Под гнетом тяжелого горя, потеряв свою обычную жизнерадостность, гордые испанки не знали, что предпринять. Доведенные до полного отчаяния, они только друг в друге могли искать поддержку. Неужели же в эти страшные минуты никто не протянет им руку помощи? Даже английский моряк, которому они так доверяли, оказался предателем.
— Неужели нам предстоит такая ужасная участь?
— Постараемся сохранить спокойствие духа, — ответила Иньеса, — в этом наше единственное спасение.
Молодые девушки глубоко задумались. Вдруг снаружи раздался какой-то шум, сразу вернувший их к сознанию действительности.
Вслед за этим раздались голоса, и в пещеру вошли двое мужчин.
— Просим прощения, сеньориты, — произнес один из них, — что мы так невежливо вторгаемся к вам, но к этому принуждают нас важные обстоятельства. Надо надеяться, что вы не будете требовать от нас теперь соблюдения той учтивости, с которой мы всегда к вам относились.
После этого странного вступления говоривший умолк, наблюдая за впечатлением, какое произвели его слова.
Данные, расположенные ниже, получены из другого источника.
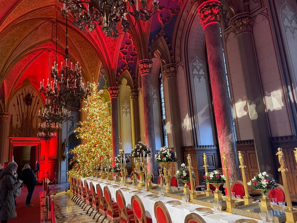 Burg Hoenzellern, located approximately 1 hour southwest of Stuttgart, decorates several rooms in their castle for the holidays, and has a Christmas laser light show choreographed to music that takes place in the castle’s courtyard once it’s dark. The courtyard has various stands with typical Christmas market food and refreshments.
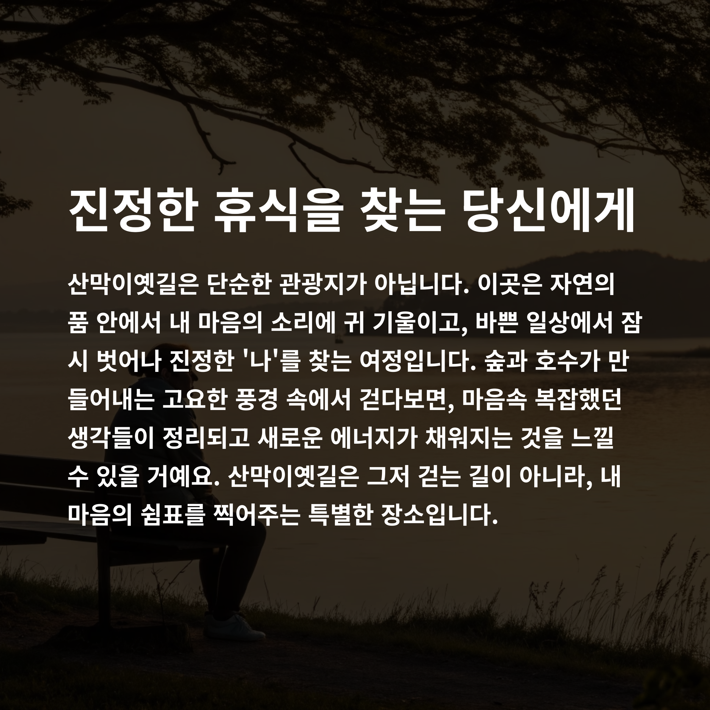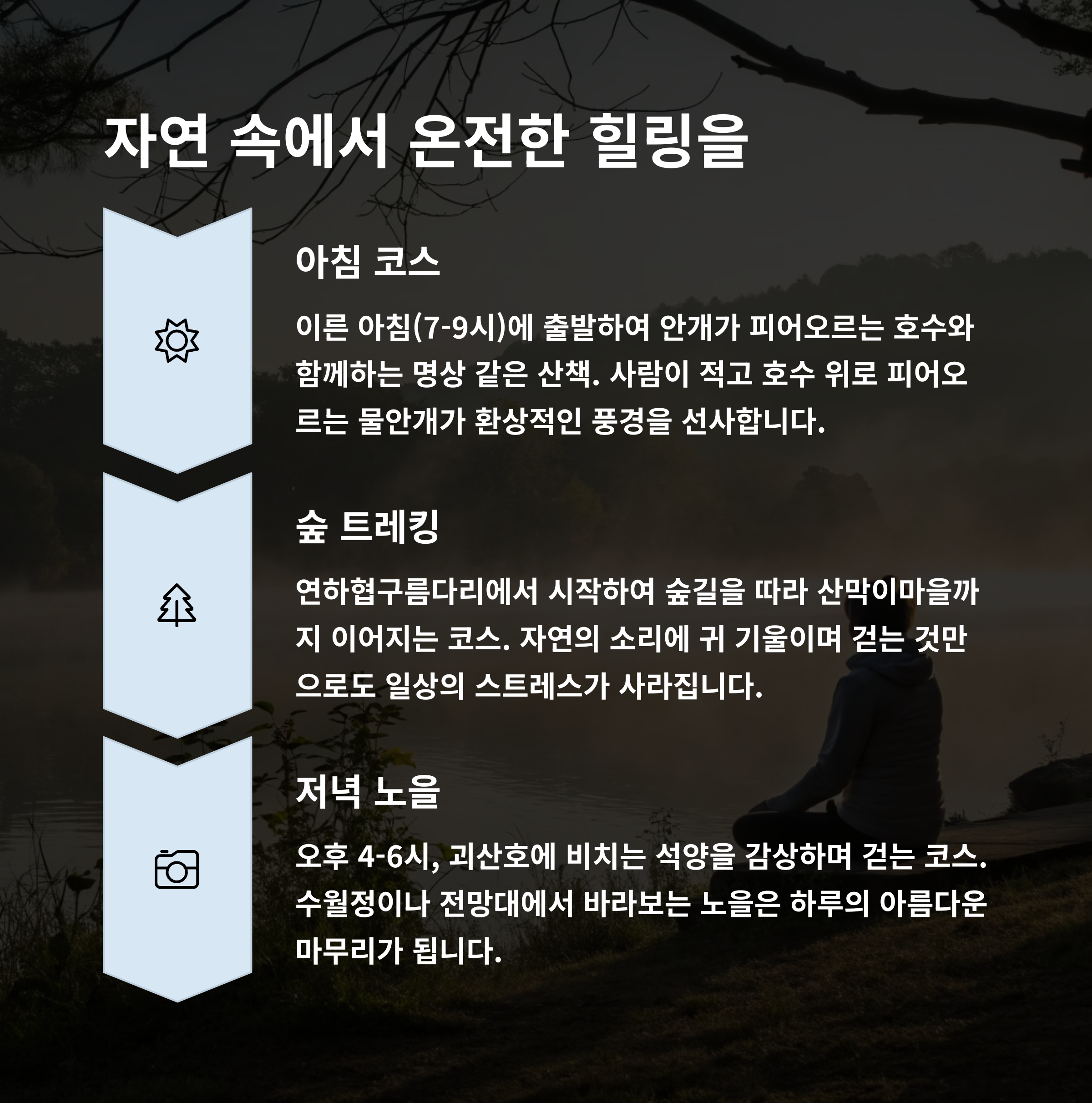 "복잡한 건 싫고, 조용한 자연 속에서 진짜 쉼을 찾고 싶다면?"
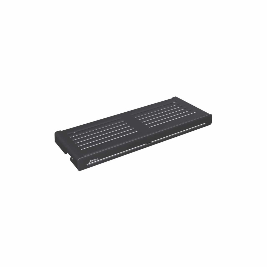 A polc sík felülete úgy van perforálva, hogy a víz ne maradjon a felületen, mégis stabilitást biztosít a rajta elhelyezett tárgyaknak. A polc oldalán praktikus akasztók találhatók szivacs felakasztásához. A polc közepén van egy alsó akasztó, amely még a nehezebb tárgyakat, például a hajszárítót is megtartja. Két vagy több polc kombinációjával hatásos összeállítást érhet el extra tárolófelülettel. Javasoljuk a Slim C sarokpolccal kombinálni.
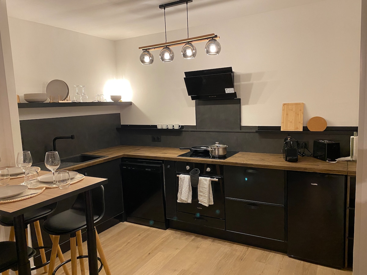 Relax in this quiet and stylish space. A comfortable apartment. Upstairs:a bright kitchen as well as a bathroom. Certainly small, it has been designed to offer you maximum comfort thanks to a spacious balneo bathtub to relax as a duo with its jet/massage options. On the ground floor, a living room with a convertible bed and small adjoining bedroom. A bay window will bring you natural light and provide access to an outdoor area with a table.
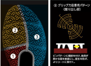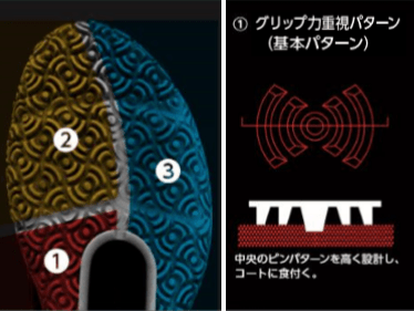 右図①(赤)は中央のピンパターンを他のピンパターンより高く設計し、コートに食付きやすくすることで、グリップ力を向上。

Не получив никакого ответа, он продолжал:
— Донья Кармен, мы с вами старые знакомые, хотя вы, может быть, и не помните моего голоса. Это, впрочем, и не удивительно, принимая во внимание, что в ваших ушах все еще звучит шум моря. Чтобы оживить ваши воспоминания, зрение, вероятно, окажется действительнее, чем слух. Позвольте мне облегчить вам эту задачу.
С этими словами испанец поднял фонарь, до сих пор скрывавшийся в складках плаща. В его ярком свете Кармен и Иньеса тотчас узнали Франциско де Лару и Фаустино Кальдерона.
Перед ними предстали их отвергнутые поклонники, но не переодетые матросами, как было до этого, а во всем великолепии калифорнийских костюмов, тех самых, что были на них в день их последнего посещения.